Where the contravariant basis can be obtained as $\mathbf{a}^\gamma = a^{\gamma\delta}\mathbf{a}_\delta=[a_{\gamma\delta}]^{-1}\mathbf{a}_\delta$. Combining these term together, we arrive at the variational problem for the Kirchhoff-Love shell

\[\begin{split} \delta\mathcal{W}_\text{int} =& \int_\omega N^{\alpha\beta} \frac{1}{2}\left(\delta\mathbf{a}_\alpha\cdot\mathbf{a}_\beta + \mathbf{a}_\alpha\cdot\delta\mathbf{a}_\beta \right) + \\ & M^{\alpha\beta}\left[\left(\hat{\mathbf{a}}_3\cdot\delta\mathbf{a}_{\gamma}\right)\mathbf{a}^\gamma\cdot\mathbf{a}_{\alpha,\beta} - \hat{\mathbf{a}}_3\cdot\delta\mathbf{a}_{\alpha,\beta}\right] \, \sqrt{a}\,\mathrm{d}y \end{split}\]

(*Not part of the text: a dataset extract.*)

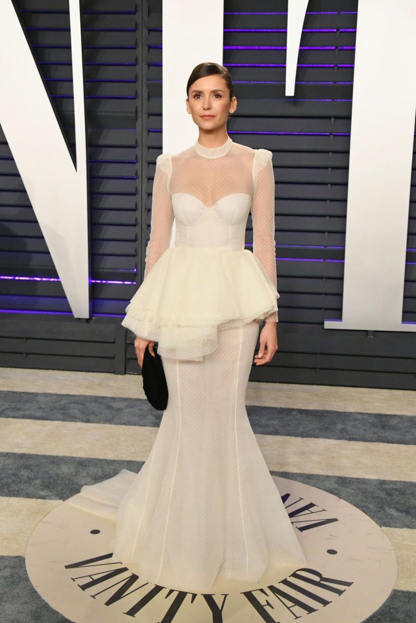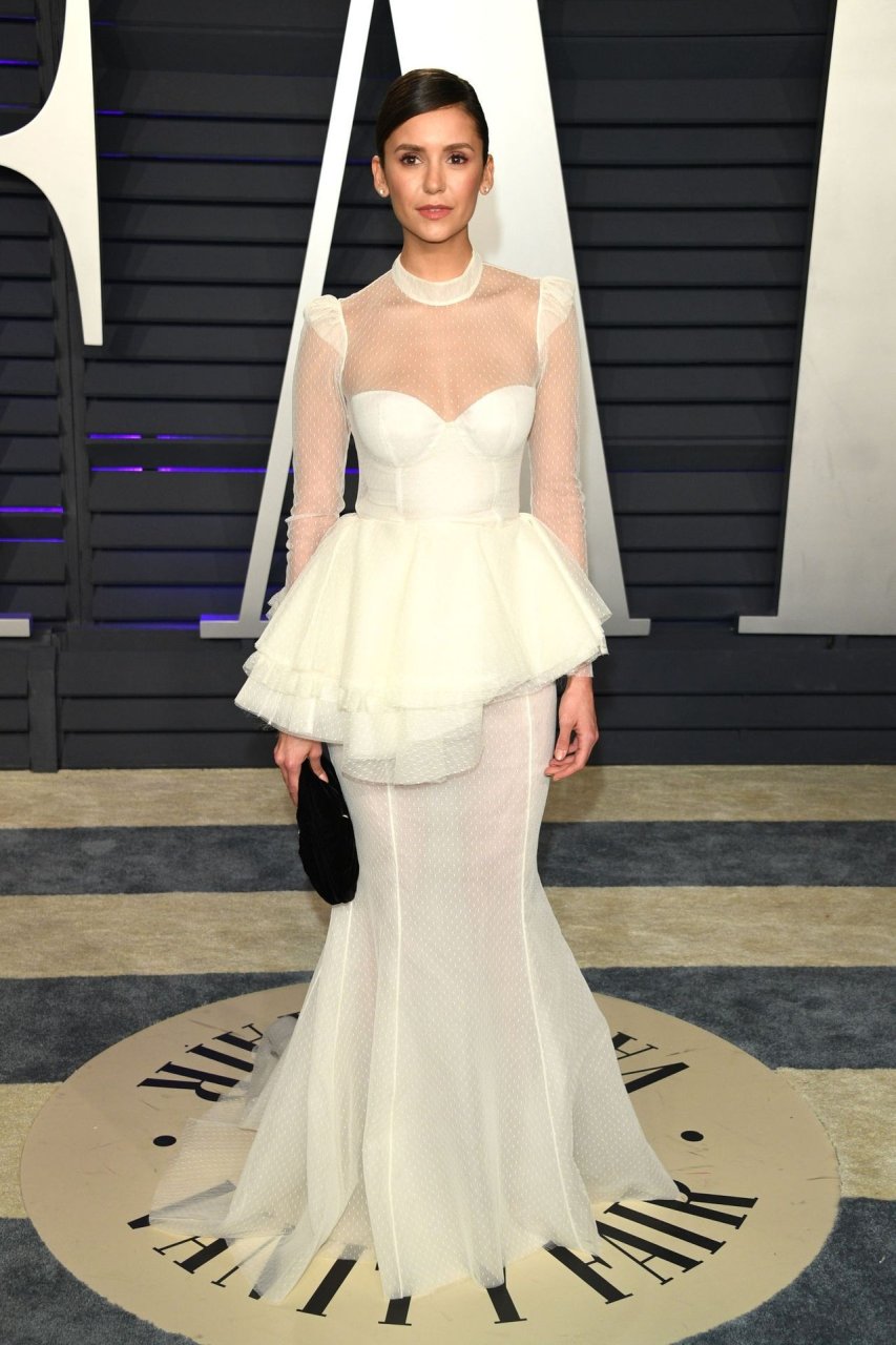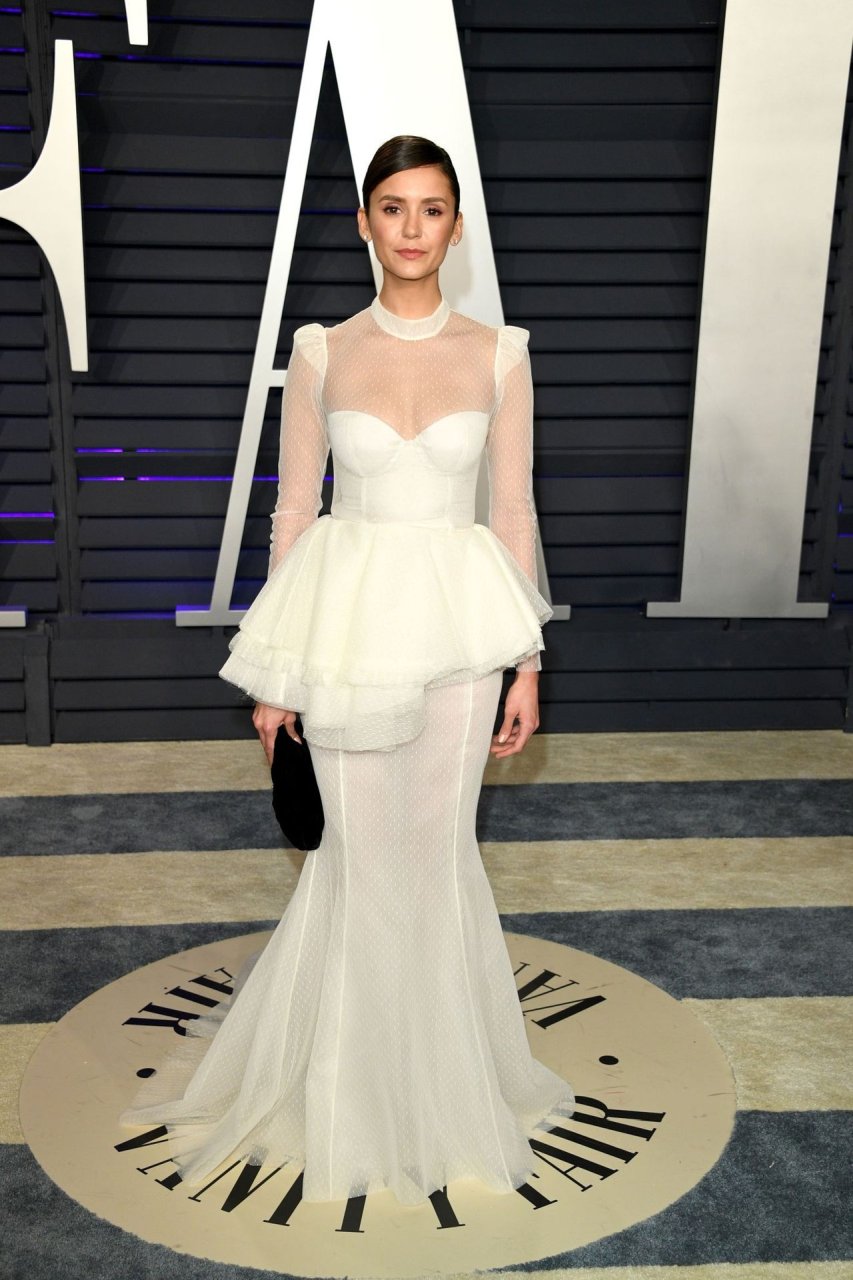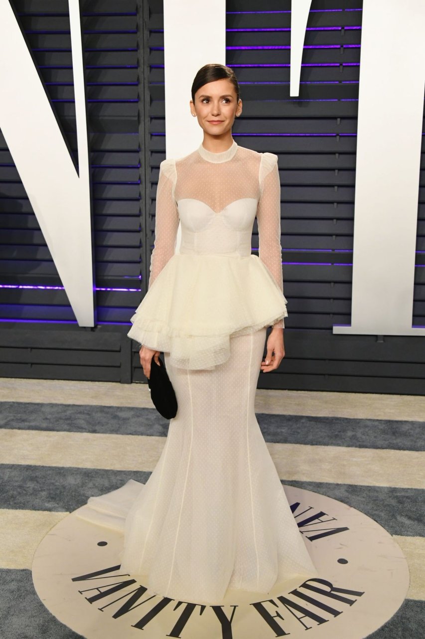 Nina Dobrev partecipa alla Vanity Fair Oscar Party 2019 a Beverly Hills, 24/02/2019. L’attrice canadese di 30 anni ha puntato sul colore bianco del vestito.

where we have substituted $N^{\alpha\beta} = \mathbb{C}^{\alpha\beta\gamma\delta}\gamma_{\gamma\delta}$ and $M^{\alpha\beta}=\frac{t^3}{12} \mathbb{C}^{\alpha\beta\gamma\delta}\kappa_{\gamma\delta}$, the membrane force and bending moment resultants, respectively. Since $N^{\alpha\beta}=N^{\beta\alpha}$ (by the symmetry of $\mathbb{C}$), this simplifies to

\[\delta\mathcal{W}_\text{int} = \int_\omega N^{\alpha\beta}(\delta\mathbf{a}_\alpha\cdot\mathbf{a}_\beta) + M^{\alpha\beta}\left[\left(\hat{\mathbf{a}}_3\cdot\delta\mathbf{a}_{\gamma}\right)\mathbf{a}^\gamma\cdot\mathbf{a}_{\alpha,\beta} - \hat{\mathbf{a}}_3\cdot\delta\mathbf{a}_{\alpha,\beta}\right] \sqrt{a}\,\mathrm{d}y.\]

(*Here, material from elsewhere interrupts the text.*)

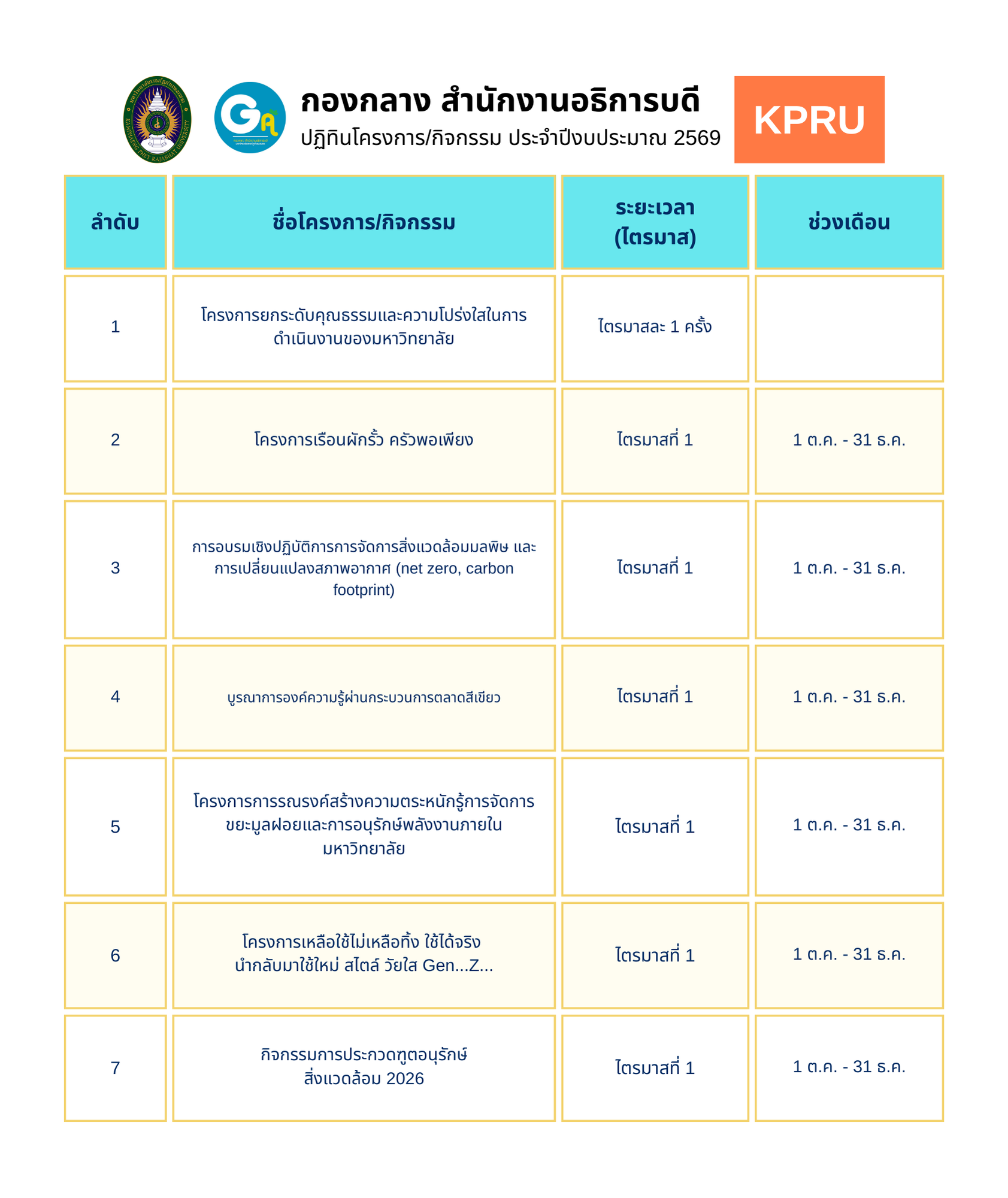 3. เป็นต้นแบบและเป็นแหล่งเรียนรู้เพื่อสร้างเครือข่ายความร่วมมือการจัดการด้าน สิ่งแวดล้อม โครงการสำนักงานสีเขียว (Green Office) ภายในมหาวิทยาลัย และยกระดับการบริหารจัดการด้านการจัดการสิ่งแวดล้อมสู่มหาวิทยาลัยสีเขียว (Green University)

2.2 Consistent tangent and second variation

The consistent tangent is obtained by taking the second variation of the internal energy, which gives us

\[\delta\delta\mathcal{W}_\text{int} = \int_\omega \delta\left[N^{\alpha\beta}(\delta\mathbf{a}_\alpha\cdot\mathbf{a}_\beta)\right] + \delta\left[M^{\alpha\beta}\left(\delta\hat{\mathbf{a}}_3\cdot\mathbf{a}_{\alpha,\beta}+ \hat{\mathbf{a}}_3\cdot\delta\mathbf{a}_{\alpha,\beta}\right)\right] \sqrt{a}\,\mathrm{d}y\]

The second variation of the membrane term decomposes as

\[\delta\left[N^{\alpha\beta}\left(\delta\mathbf{a}_\alpha\cdot\mathbf{a}_\beta\right)\right] = \delta N^{\alpha\beta}\left(\delta\mathbf{a}_\alpha\cdot\mathbf{a}_\beta\right) + N^{\alpha\beta}\left(\delta\mathbf{a}_\alpha\cdot\delta\mathbf{a}_\beta \right)\]

where $\delta\mathbf{a}_\alpha\cdot\mathbf{a}_\beta$ is first-order in $\delta\mathbf{u}$, so $\delta\delta\mathbf{a}_\alpha = 0$ at fixed $\mathbf{a}_\alpha$ (the linearisation point). Substituting $N^{\alpha\beta}=\mathbb{C}^{\alpha\beta\gamma\delta}\gamma_{\gamma\delta}$ and the expression for $\delta\gamma_{\gamma\delta}$ from Section 2.1, and using the minor symmetry $\mathbb{C}^{\alpha\beta\gamma\delta}=\mathbb{C}^{\alpha\beta\delta\gamma}$, the membrane tangent becomes

\[\delta\left[N^{\alpha\beta}\left(\delta\mathbf{a}_\alpha\cdot\mathbf{a}_\beta\right)\right] = \delta\mathbf{a}_\alpha\left(\mathbb{C}^{\alpha\beta\gamma\delta}(\delta\mathbf{a}_\gamma\cdot\mathbf{a}_\delta)\mathbf{a}_\beta + N^{\alpha\beta}\delta\mathbf{a}_\beta \right).\]

The first inner term is the material stiffness (depends on $\mathbb{C}$); the second is the geometric stiffness (depends on the current stress resultant $N^{\alpha\beta}$).

The bending contribution follows analogously but is considerably more involved because the second variation of $\hat{\mathbf{a}}_3$ introduces third-order terms in $\mathbf{a}_\alpha$. In practice the bending residual and tangent are computed via automatic differentiation of FerriteShells.bending_energy_KL using ForwardDiff.jl, which avoids the need for the explicit second variation.